Os relatos de Rosa fazem referência ao tempo de, pelo menos três anos atrás. A representação da diretora Regina, na voz da mãe, entretanto, não deve ser considerada como uma exceção. Em 2019, ao realizar as entrevistas com os/as docentes, percebi na fala do professor Alisson (80) a referência ao discurso da institucionalização como proposta para a educação de pessoas com deficiência. O professor declara na entrevista que a estudante Violeta (pessoa com deficiência intelectual e física) deveria estudar no CEE. A triangulação das perspectivas de Rosa, pela representação que faz da diretora Regina, e do docente Alisson, indica que o padrão da normalidade pauta a discussão sobre a deficiência. A escola, portanto, não é excludente apenas para os estudantes com deficiência. A escola exclui todos que não se encaixam no “padrão” de aluno(a) ideal, apesar de que o(a) estudante ideal talvez seja resultado de uma miragem docente.

A educação bancária, criticada por Paulo Freire (2019) atribui ao(à) estudante a culpa pela não adequação ao ambiente escolar e, não, ao sistema homogeneizador e violador das diferenças. O modelo industrial de educação, com grande número de estudantes por turma e que nega a subjetividade do(a) estudante, inculca nos professores a opressão da normalidade, de modo que o(a) estudante que apresenta qualquer desvio do padrão estabelecido é considerado deficiente e, portanto, deve ser educado em uma instituição específica.
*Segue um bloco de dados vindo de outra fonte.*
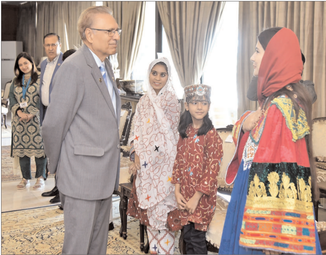
ISLAMABAD: President Dr. Arif Alvi meeting with a delegation of children wearing traditional attires representing four provinces, Gilgit Baltistan, Azad Jammu and Kashmir.

Arroyo (2013, p.65) explica que: “o discurso em moda da qualidade na escola e na universidade é sacrificial: sacrifiquemos os incompetentes, os indisciplinados, os que nada querem, sejam alunos ou mestres e teremos a qualidade internacional de nosso sistema escolar público.”
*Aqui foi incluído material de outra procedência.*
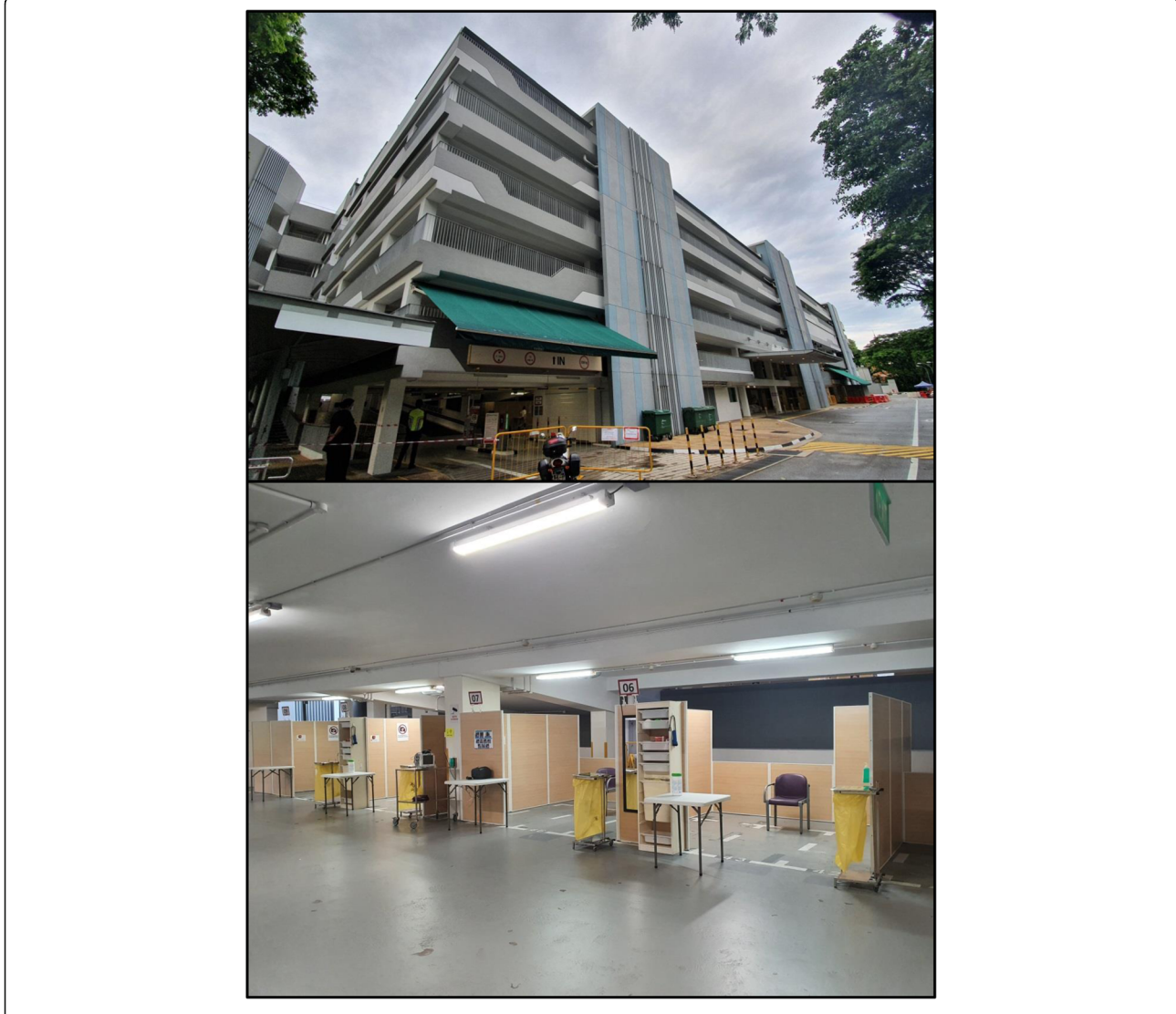
Fig. 5 Exterior facade and interior layout of patient care area in the forward screening area

On a normal day, the ED is manned by three shifts of doctors and nurses over a 24-h period. Owing to the increase in the number of patients coming to the ED, the diversion of ambulances from the main hospital that was

O que diz Arroyo (2013, p.65) pode ser associado às pessoas com deficiência, se o paradigma de interpretação for o modelo clínico – médico. A exemplo disso, Iolanda (mãe de Violeta) relatou em sua entrevista que sua filha foi transferida para CEE quando sofreu um acidente vascular cerebral (AVC). A mãe relata que seu sonho era de que sua filha continuasse na mesma escola em que estudava antes do ocorrido.
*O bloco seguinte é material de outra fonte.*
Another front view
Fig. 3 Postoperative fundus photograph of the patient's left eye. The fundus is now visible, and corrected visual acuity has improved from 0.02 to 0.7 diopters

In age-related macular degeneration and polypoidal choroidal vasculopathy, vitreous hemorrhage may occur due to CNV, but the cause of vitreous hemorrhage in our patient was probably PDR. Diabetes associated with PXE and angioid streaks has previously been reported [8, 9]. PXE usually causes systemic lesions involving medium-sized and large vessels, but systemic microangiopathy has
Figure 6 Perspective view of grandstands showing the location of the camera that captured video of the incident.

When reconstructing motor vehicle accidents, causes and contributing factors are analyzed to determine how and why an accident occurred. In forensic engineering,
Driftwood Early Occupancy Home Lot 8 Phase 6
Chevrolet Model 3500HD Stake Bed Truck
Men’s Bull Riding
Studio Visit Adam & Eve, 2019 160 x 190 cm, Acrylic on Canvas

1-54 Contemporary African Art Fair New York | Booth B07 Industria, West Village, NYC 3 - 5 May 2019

Iolanda: Ai, foi quando ela entrou no Jardim, eu lutei, eu lutei, eu levava ela de cadeira de rodas, no braço, e a primeira escola não aceitava mais ela porque era tudo era de/tempo assim era degrau pra ela subir e ela não aprendia mais porque ela deu AVC, ela ainda tava meia/aí eu, mas eu ia, sabe aquela mãe que ia esperançada demais e que ia com ela naquele colégio, nossa senhora, foi o momento que eu mais sofri foi naquele momento, porquê eu queria ela lá nas Bromélias (colégio particular que tem convênio com a Secretaria de Estado e Educação do Distrito Federal- SEDF), eu queria que ela participasse de tudo e depois eles: “NÃO, vamos botar ela no especial 1 (CEE) pra ver no que vai dar”. Aí botamo no especial 1, foi indo, eles foro vendo que realmente ela tinha de voltar para escola normal, entendeu? Mas o que eu mais lutei foi essa época.

Iolanda (mãe de Violeta) explica a experiência de Violeta no CEE, quando ela tinha cinco anos de idade. As barreiras arquitetônicas enfrentadas por Iolanda, não pareciam desanimá-la de continuar a “luta” para que sua filha estudasse em um colégio de referência em educação infantil da cidade. O sofrimento da mãe com a transferência da filha para o CEE está relacionado ao estigma da segregação, da institucionalização das pessoas com deficiência. A escolha do léxico “normal” para representar a escola inclusiva pressupõe que o CEE é destinado aos “anormais”. Assim como “eu queria que ela participasse de tudo” aponta a preocupação da mãe de que a filha fique isolada das atividades sociais. No momento da entrevista pude sentir a emoção nesse relato, principalmente quando ela disse “e ela não aprendia mais porque ela deu AVC”. Esse trecho da fala de Iolanda dialoga com o relato que ela fez sobre o discurso médico para se referir à Violeta. Iolanda ainda indica, pelo uso do intensificador “mais”, que esse foi o momento de sua vida no qual ela mais lutou.